Work instruction -> Return exactly, please, the lines from the one containing "C'est une fin" to the last line of the entries below, and nothing else, leaving pictures out.

Stored dataset items ->
————————

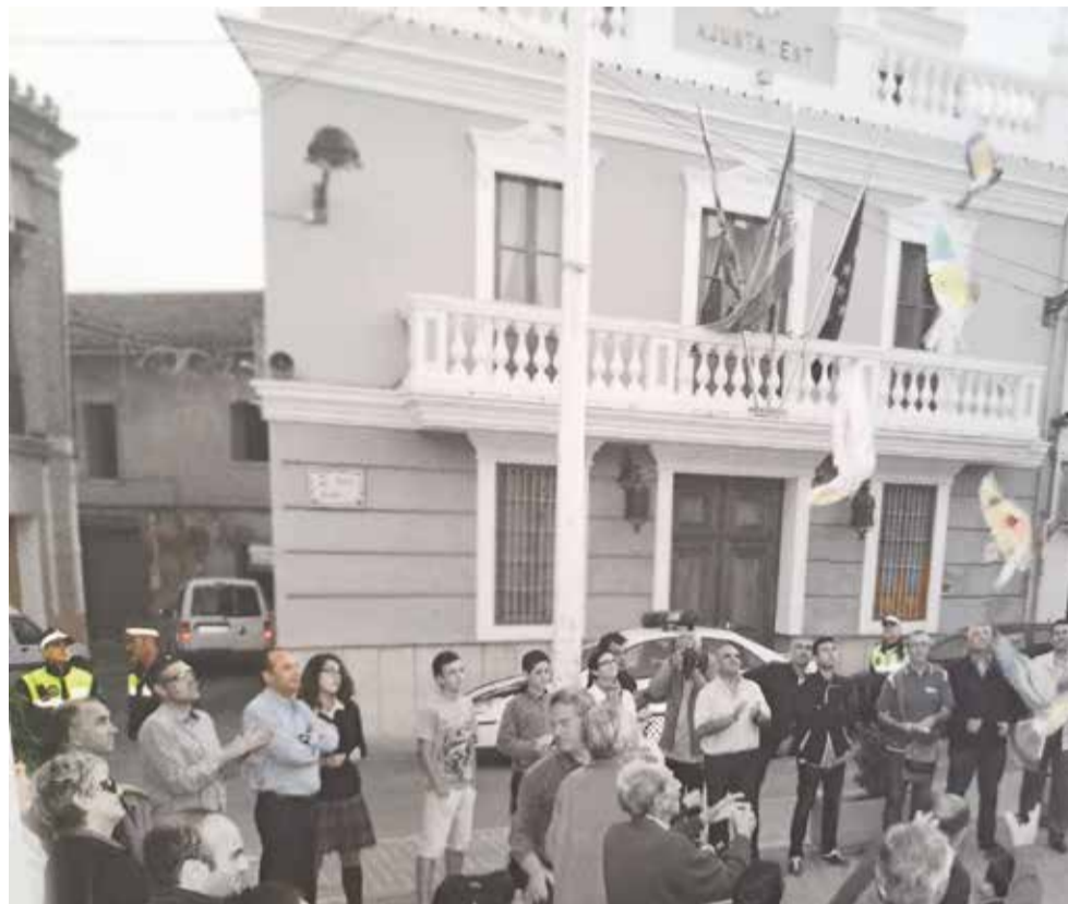
Policia present ja en els actes municipals

Tanta evolució que, 30 anys de diferència, ens sembla quasi una eternitat.
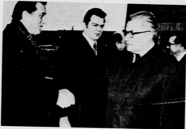
Puja Frigyes külügyminiszter Afrikába utazott. Hivatalos látogatást tesz Etiópiában, a Kongói Népi Köztársaságban, az Angolai Népi Köztársaságban, a Mozambiki Népi Köztársaságban és a Tanzániai Egyesült Köztársaságban. Búcsú- tatására a Ferihegyi repülőtérre megjelent Rác Pál kül- ügyminisztériumi államtitkár. Képünkön: Rác Pál búcsú- zik Puja Frigyesről
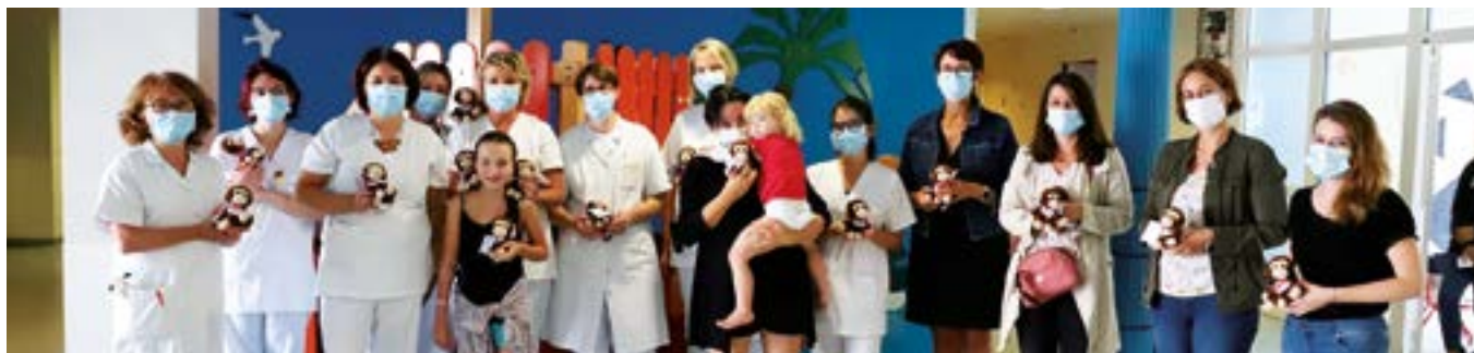
• L'équipe et les enfants de l'hôpital ont apprécié le geste du CME.

C'est une fin de mandat particulière qu'ont vécu les élus juniors, contraints de s'adapter à la crise sanitaire de 2020 qui a quelque peu bouleversé la mise en place des actions qu'ils avaient programmées durant cette deuxième et dernière année électorale.
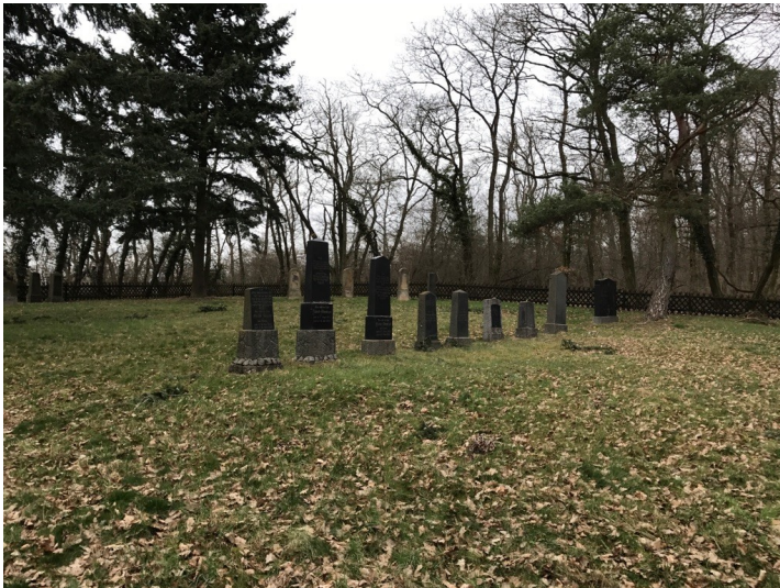
Jüdischer Friedhof Windesheim (2017)

————————

Written response ->
C'est une fin de mandat particulière qu'ont vécu les élus juniors, contraints de s'adapter à la crise sanitaire de 2020 qui a quelque peu bouleversé la mise en place des actions qu'ils avaient programmées durant cette deuxième et dernière année électorale.
Jüdischer Friedhof Windesheim (2017)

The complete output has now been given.